Пациентов мы не нагружаем, лечим их тем, что имеем. Существует указание начальства не говорить больным о лекарствах, которыми мы не можем обеспечить. Были времена, когда мы говорили родственникам о такой возможности. Но потом они шли в страховую компанию или даже в прокуратуру, предъявляли счета. То есть мы с лучшими побуждениями обращаемся к родственникам, а потом получаем по шапке от начальства. Вот уж действительно, дорога в ад вымощена добрыми намерениями. В других населенных пунктах области, насколько я знаю, дела обстоят практически так же. Думаю, правда, что в городах покрупнее лучше с обеспечением лекарствами и оборудованием. К тому же в наших областных больницах родственников пациентов не жалеют: выдают список, что они должны приобрести. В малых городах, центральных районных стационарах это категорически запрещено.

В нашей больнице штат укомплектован. Из районных больниц области она, пожалуй, одна такая. Просто у нас город молодой, и администрация заинтересована в его развитии, обеспечивает врачей квартирами, лояльно относится к специалистам».

Владимир Петрович Писарев, хирург, заместитель главного врача, Усть-Лабинская центральная районная больница (Краснодарский край)

«Когда я в 1979 году закончил институт, я был практически подготовленным специалистом. Сейчас же приходят такие выпускники, что складывается впечатление, будто они перешли только на пятый курс. Находясь в ординатуре, интернатуре, они не могут самостоятельно выполнить банальную аппендэктомию. Когда я учился, я свободно подрабатывал медбратом, и в хирургическом отделении мне удавалось иногда проассистировать или даже прооперировать. Сейчас же студент не может устроиться в качестве медбрата или медсестры. А если и есть какой-то такой закон, то я с его реализацией не сталкивался. Талантливые, трудолюбивые ребята, конечно, со временем набираются опыта, но уже после университета, то есть теряют драгоценные годы, хотя могли бы это все освоить еще в вузе.

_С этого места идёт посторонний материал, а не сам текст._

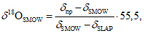 8.1 Расчет соотношения изотопов кислорода проводят с применением воды по SMOW и SLAP.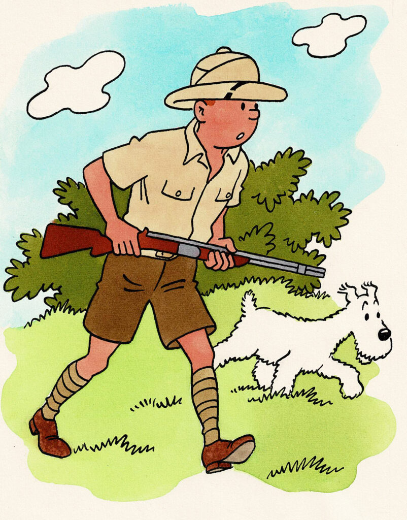 Tintin au Congo, dessin original à l’encre de chine et à l’aquarelle. Dimensions : 24 cm x 20 cm.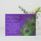 Utilice estas invitaciones impresionantes del boda del pavo real a invitar a sus amigos y familia a su boda. Este diseño de la pluma del pavo real en sus tarjetas añadirá un tacto especial a su boda temático del pavo real. Esta vida inmóvil tiene un fondo púrpura muy único del efecto metalizado con las plumas de los pavos reales. Los colores de las plumas del pavo real son el sorprender vibrante y de la mirada. Cada invitación viene con un sobre blanco.

Кадры у нас укомплектованы чуть больше чем на 60 процентов, на 16 участков 6 терапевтов. При этом нужно проводить диспансеризацию работающего населения. Такой дефицит работников возникает из-за того, что студенты после окончания института и получения дипломов растекаются в фармацевтические, парамедицинские компании, становятся медицинскими представителями, уходят в частные клиники. В советское время было положено после института отработать три года по направлению. А сейчас диплом выдается на руки — и вперед. Разве что иногда заключаются трехсторонние договоры, при которых обучение оплачивается муниципальным образованием или департаментом здравоохранения, и человек потом обязан работать в том учреждении, которое оплатило его обучение. Но такие случаи не очень часты, ими проблему не закроешь.

Районные лечебные учреждения скатываются к тому, что оказывают только экстренную помощь, отправляют больных в вышестоящие учреждения, хотя могли бы лечить пациента сами: квалификация врачей у нас не хуже. Но вот с оборудованием, как везде, сложно. Нашему учреждению, например, не хватает томографов, из-за чего есть проблемы с оказанием экстренной помощи больным с нарушением мозгового кровообращения, инфарктами.

У нас нет C-дуги (мобильной рентгеновской системы. — БГ), поэтому операции выполняются травматичнее, чем могли бы. Мы могли бы сделать лапароскопию, для этого нужна стойка, а у нас она устаревшая — естественно, мы выполняем холецистэктомию общим доступом. В результате послеоперационный период растягивается не на 4–5 дней, а на неделю-две.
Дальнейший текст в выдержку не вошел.